-- Information supplied follows --
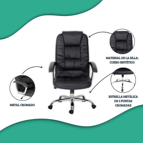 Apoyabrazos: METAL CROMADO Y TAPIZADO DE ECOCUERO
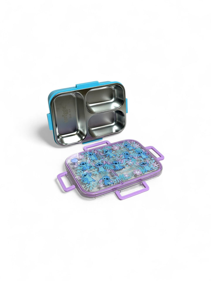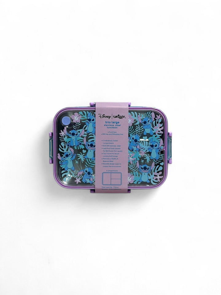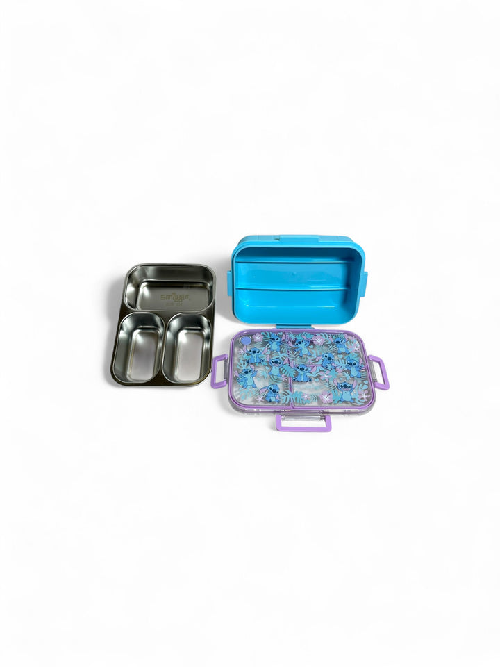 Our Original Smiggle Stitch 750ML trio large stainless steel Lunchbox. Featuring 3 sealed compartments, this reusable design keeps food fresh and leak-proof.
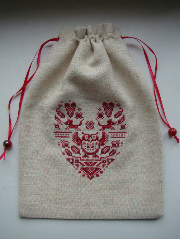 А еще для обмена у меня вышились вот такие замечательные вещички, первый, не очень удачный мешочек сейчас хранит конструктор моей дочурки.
-- Information supplied concluded --
-- Information supplied follows --
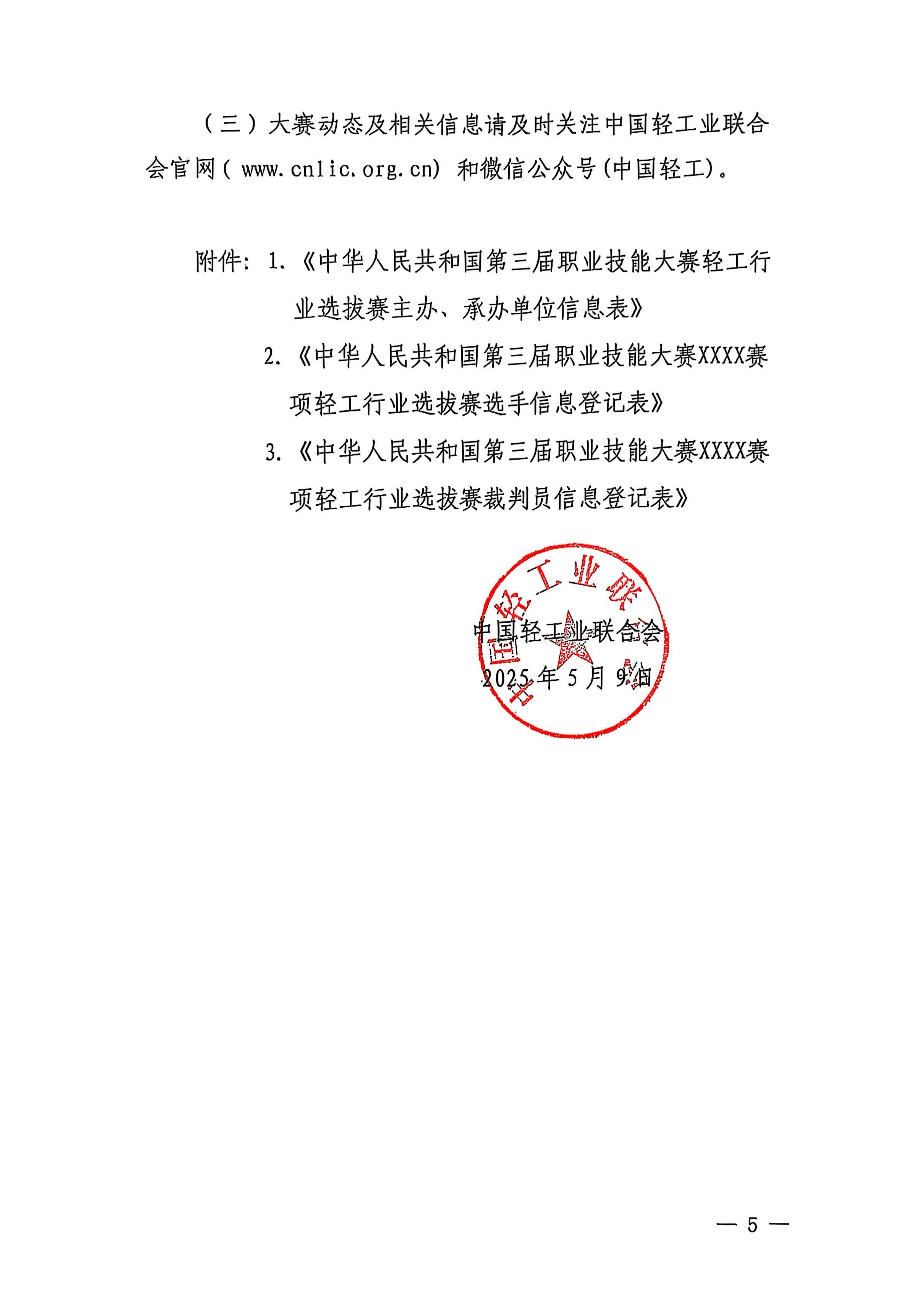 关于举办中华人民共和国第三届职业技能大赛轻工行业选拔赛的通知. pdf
-- Information supplied concluded --
-- Information supplied follows --
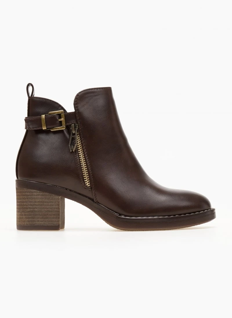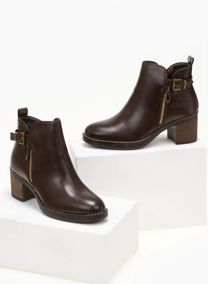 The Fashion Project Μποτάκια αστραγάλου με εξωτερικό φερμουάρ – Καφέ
-- Information supplied concluded --
## What the task requires
Set the pictures aside and reproduce exactly the lines above, from the line holding "Apoyabrazos: METAL CROMADO" through the line holding "А еще для обмена", both included, with nothing else.

## Finished exercise
 Apoyabrazos: METAL CROMADO Y TAPIZADO DE ECOCUERO
 Our Original Smiggle Stitch 750ML trio large stainless steel Lunchbox. Featuring 3 sealed compartments, this reusable design keeps food fresh and leak-proof.
 А еще для обмена у меня вышились вот такие замечательные вещички, первый, не очень удачный мешочек сейчас хранит конструктор моей дочурки.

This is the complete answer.